WASHINGTON: Cyber Pearl Harbor. Sends chills down your spine, doesn’t it? With the enormous national theft undertaken by China from American companies and universities over the last five years it does seem a worrying prospect. And the idea of a cyber Pearl Harbor has become an ingrained tenet of much of the public debate about cyber warfare and hacking, especially in light of persistent and massive cyber espionage by China.
The verdict obviously is still out on this one, but one experienced observer of Russia and China thinks it just isn’t likely.
“I don’t think there is going to be a Pearl Harbor,” said David Smith, retired ambassador and director of the respected Potomac Institute’s Cyber Center. The Chinese, he said today at a Potomac event focused on Chinese cyberwarfare, “do not want to face the Japanese without some kind of American intervention.”
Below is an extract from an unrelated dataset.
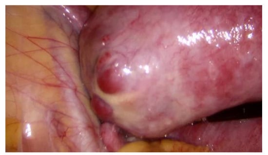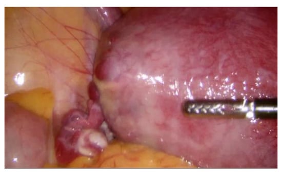 During hospitalization, blood and urine tests’ results were within the normal range. A multidisciplinary team (MDT) decided to keep monitoring the growth of both pregnancies by ultrasound while maternal vitals were stable and noted that further management would be determined according to the clinical situation. On the third day of hospitalization the patient started to feel more severe pain in the hypogastric region, radiating to the back and the left groin. The MDT made a decision to perform a diagnostic laparoscopy. Laparoscopy confirmed heterotopic angular pregnancy in the left enlarged, swollen cornu of the uterus. The left ovary and fallopian tube were not damaged and there were no signs of uterine rupture. Figure 3 and Figure 4.

While he certainly acknowledged that China launches many cyber attacks on US networks, Smith downplayed the threat from the People’s Republic. “You read these horror stories: they are going to bring down the stock exchange. They aren’t going to do any such thing.”
While China may be more interested in stealing our intellectual property than destroying our economy directly, it still poses a considerable threat to U.S. interests, argued William Hagestad, author of the book, 21st Century Chinese Cyberwarfare. He noted that China has very carefully designed simple cyber attack tools “to allow any soldier to launch” a range of cyber attacks. He detailed a range of writing by Chinese military authors noting the centrality of information war in Chinese doctrinal writings. His conclusion: China is engaged in “cyber warfare that is serious and will become much worse.”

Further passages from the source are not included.